Completion vs Optimality: Policy Gradient in Long-Horizon Cumulative-Damage Problems
Identifies and explains failure modes of policy-gradient methods in a specific class of long-horizon decision problems with cumulative damage, providing testable predictions that replicate across two domains.
Policy-gradient methods fail in long-horizon cumulative-damage problems due to two orthogonal failure modes: completion and optimality. The proposed decomposition reveals that horizon access alone reduces completion rate, while action-space restriction achieves completion but leaves an optimality gap of ΔM_final = 0.271.
Long-horizon decision problems with cumulative damage couple locally attractive actions to globally adverse outcomes. We identify two orthogonal failure modes for policy-gradient methods on this class and propose a decomposition that separates them: \emph{completion} (reaching the terminal horizon rather than exiting via an implicit terminal constraint) and \emph{optimality} (matching the dynamic-programming reference given completion).
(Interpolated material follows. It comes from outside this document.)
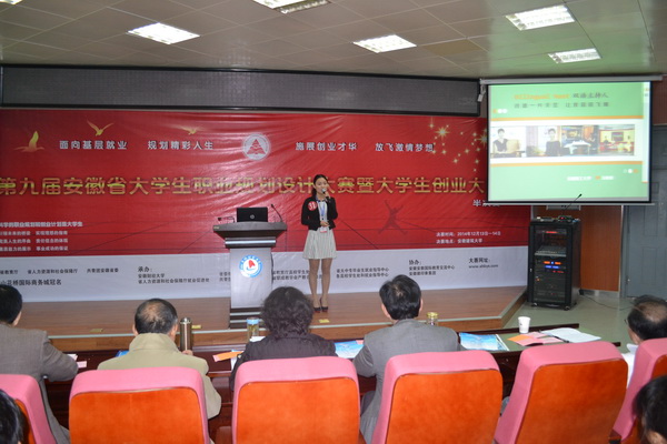 本次大赛由省教育厅、省人力资源和社会保障厅、共青团安徽省委主办,以“面向基层就业,规划精彩人生;施展创业才华,放飞激情梦想”为主题。我校自9月份启动该项赛事以来得到了各学院和广大同学们的积极响应和参与,分为院级初赛、学校复赛和学校决赛等环节,历时近3个月,参与学生近千人次,取得了良好的育人效果。

Under PPO with a linear soft penalty, granting horizon access alone reduces the completion rate: the penalty's equilibrium drives the dominant-activity share to zero, while action-space restriction combined with horizon access achieves completion but leaves an optimality gap ($ΔM_{\text{final}} = 0.271$) that we trace to first-phase greedy commitment at the damage origin. We derive four testable predictions and evaluate them in two separately calibrated environments that share the same abstract structure but differ in domain, horizon, activity set, and calibration data: a 49-step bricklayer career and a 20-season NBA power-forward career. All four predictions replicate qualitatively. The horizon-invariance prediction is met at three of four tested horizons, with the exception at $H = 15$ consistent with the $H^*$ boundary ($H^* \in [6, 14]$ under the NBA parameters).